SUPPLIED MATERIAL:
╔══

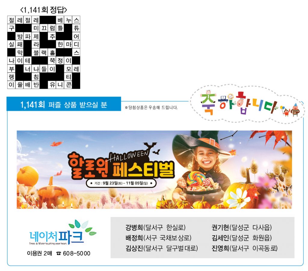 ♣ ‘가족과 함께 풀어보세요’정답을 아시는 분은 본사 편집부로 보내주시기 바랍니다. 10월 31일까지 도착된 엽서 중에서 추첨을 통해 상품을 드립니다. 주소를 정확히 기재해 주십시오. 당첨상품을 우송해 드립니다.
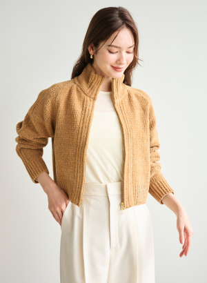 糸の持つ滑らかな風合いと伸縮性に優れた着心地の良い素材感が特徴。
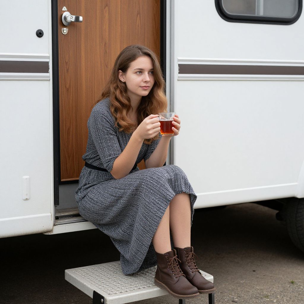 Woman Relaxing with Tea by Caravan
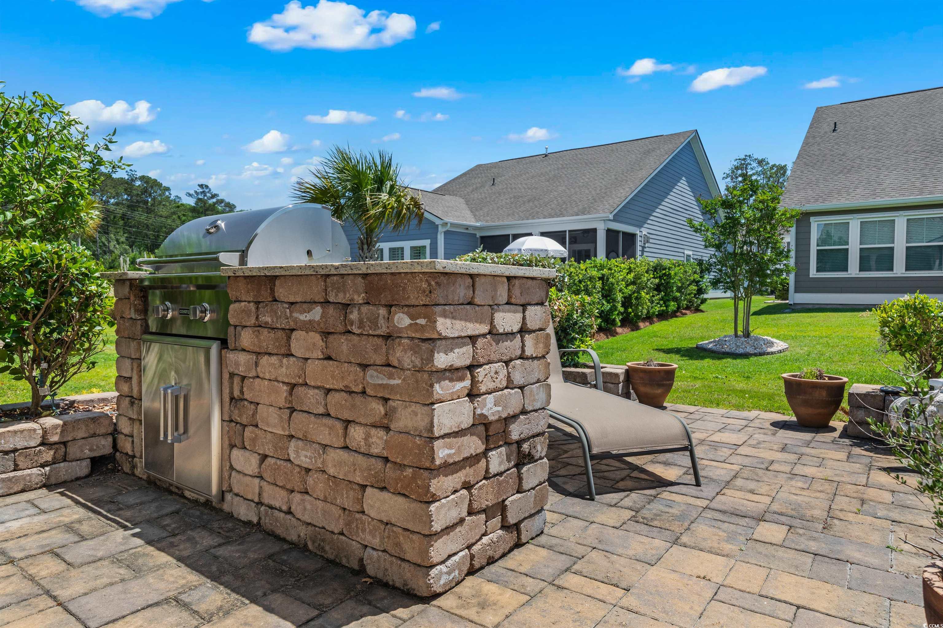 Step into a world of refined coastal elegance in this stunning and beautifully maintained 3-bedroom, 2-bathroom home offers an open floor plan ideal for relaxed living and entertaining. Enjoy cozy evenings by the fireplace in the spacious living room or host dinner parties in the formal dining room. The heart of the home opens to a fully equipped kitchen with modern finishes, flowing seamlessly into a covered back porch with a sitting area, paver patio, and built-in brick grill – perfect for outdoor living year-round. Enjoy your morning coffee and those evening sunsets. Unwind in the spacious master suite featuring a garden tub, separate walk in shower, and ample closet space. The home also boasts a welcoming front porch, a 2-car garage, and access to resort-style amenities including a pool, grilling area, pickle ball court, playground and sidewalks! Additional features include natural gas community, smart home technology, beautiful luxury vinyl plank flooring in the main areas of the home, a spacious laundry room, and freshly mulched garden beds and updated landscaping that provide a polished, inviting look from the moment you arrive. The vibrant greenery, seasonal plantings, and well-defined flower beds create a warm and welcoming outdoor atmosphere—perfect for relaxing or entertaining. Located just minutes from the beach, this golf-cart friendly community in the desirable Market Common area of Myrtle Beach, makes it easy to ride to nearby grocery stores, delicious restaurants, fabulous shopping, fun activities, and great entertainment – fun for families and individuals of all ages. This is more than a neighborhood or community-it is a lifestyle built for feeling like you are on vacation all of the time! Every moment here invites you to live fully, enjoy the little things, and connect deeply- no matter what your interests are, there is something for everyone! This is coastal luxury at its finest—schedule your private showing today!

╚══

TASK DETAILS: Restate each line from the start of the listing through the line bearing "Woman Relaxing with Tea by Caravan" word for word. Drop the pictures.

TASK ANSWER:
 ♣ ‘가족과 함께 풀어보세요’정답을 아시는 분은 본사 편집부로 보내주시기 바랍니다. 10월 31일까지 도착된 엽서 중에서 추첨을 통해 상품을 드립니다. 주소를 정확히 기재해 주십시오. 당첨상품을 우송해 드립니다.
 糸の持つ滑らかな風合いと伸縮性に優れた着心地の良い素材感が特徴。
 Woman Relaxing with Tea by Caravan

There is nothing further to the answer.